- Education: University of Oxford
- Scientific career
- Thesis: The characterisation of amylin and analysis of its role in diabetes mellitus (1989);
- Doctoral advisor: Kenneth B. M. Reid

= Garth Cooper =

Biology researcher in New Zealand

Garth James Smith Cooper is a New Zealand academic biochemist, and as of 2021 is a full professor at the University of Auckland.

==Early life==
Cooper is of Pākehā (European) and Ngāti Māhanga Māori descent. He speaks English, but not Māori, as his Māori grandmother thought he should learn English. He received schooling in New Zealand. He studied at the University of Auckland starting in 1969, and gained a BSc in Chemistry and Biochemistry (1971), a BSc in Human Biology (1975) and medical degrees (MB ChB, 1978).

==Career==
Cooper worked as a medical officer in Rotorua in 1979 and 1980, then in Auckland from 1981 to 1985, including several years based in Middlemore Hospital in South Auckland. He and David Scott pioneered a programme for a new approach to health care delivery in Ōtara from 1983 to 1985. He wrote and delivered the first course in New Zealand for lay community health workers, which was recognised by the Mayor of South Auckland (1985). The programme was developed at the Whaiora Marae in Ōtara, where Cooper worked part-time.
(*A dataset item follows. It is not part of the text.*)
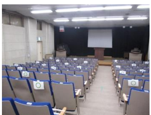
▲視聴覚ホール内の様子 新型コロナウイルス感染症対策として、座席の間隔をあけています。
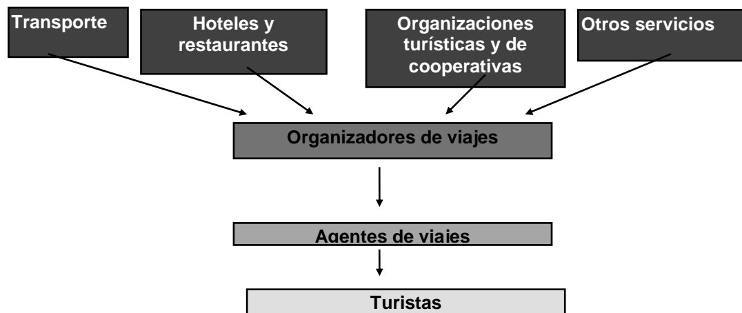
Figura 1 Medio ambiente turístico

De todos los datos analizados anteriormente se puede determinar que la estructura del servicio turístico está resumido en el siguiente esquema:

He did doctoral studies at the University of Oxford from 1986 to 1989 and was awarded a PhD for his thesis titled The characterisation of amylin and analysis of its role in diabetes mellitus.

Cooper was a founder and the chief technical officer of Amylin Pharmaceuticals Inc. in California until 1992. He returned to New Zealand and the University of Auckland in 1993, rising to full professor. In his role as Professor in Biochemistry and Medicine (1995–present), he has developed courses for young Māori and Pasifika students as part of the University of Auckland's Māori and Pacific Admission Scheme programmes. He has been a member of the Maori Health Committee and the Research Policy Advisory Committee of the Health Research Council of New Zealand.

He was elected a Fellow of the Royal Society of New Zealand in 1998 and a Fellow of the Academy of Medical Sciences in 2013. He was awarded a Doctor of Science degree by the University of Oxford in 2017, based on his more than 200 publications, mainly in the field of diabetes and metabolic disease.

Cooper was involved in the Listener letter on science controversy in 2021, as one of the signatories to the initial letter. He and two other signatories, who were Royal Society fellows, were investigated by the Royal Society. In response, the Free Speech Union started a fund to support Cooper and another one of the fellows.

== Selected works ==
- Xu, A., Wang, Y., Keshaw, H., Xu, L.Y., Lam, K.S. and Cooper, G.J., 2003. The fat-derived hormone adiponectin alleviates alcoholic and nonalcoholic fatty liver diseases in mice. The Journal of clinical investigation, 112(1), pp. 91–100.
- Cooper, G.J., Willis, A.C., Clark, A., Turner, R.C., Sim, R.B. and Reid, K.B., 1987. Purification and characterization of a peptide from amyloid-rich pancreases of type 2 diabetic patients. Proceedings of the National Academy of Sciences, 84(23), pp. 8628–8632.
- Clark, A., Wells, C.A., Buley, I.D., Cruickshank, J.K., Vanhegan, R.I., Matthews, D.R., Cooper, G.J., Holman, R.R. and Turner, R.C., 1988. Islet amyloid, increased A-cells, reduced B-cells and exocrine fibrosis: quantitative changes in the pancreas in type 2 diabetes. Diabetes research (Edinburgh, Scotland), 9(4), pp. 151–159.
- Leighton, B. and Cooper, G.J., 1988. Pancreatic amylin and calcitonin gene-related peptide cause resistance to insulin in skeletal muscle in vitro. Nature, 335(6191), pp. 632–635.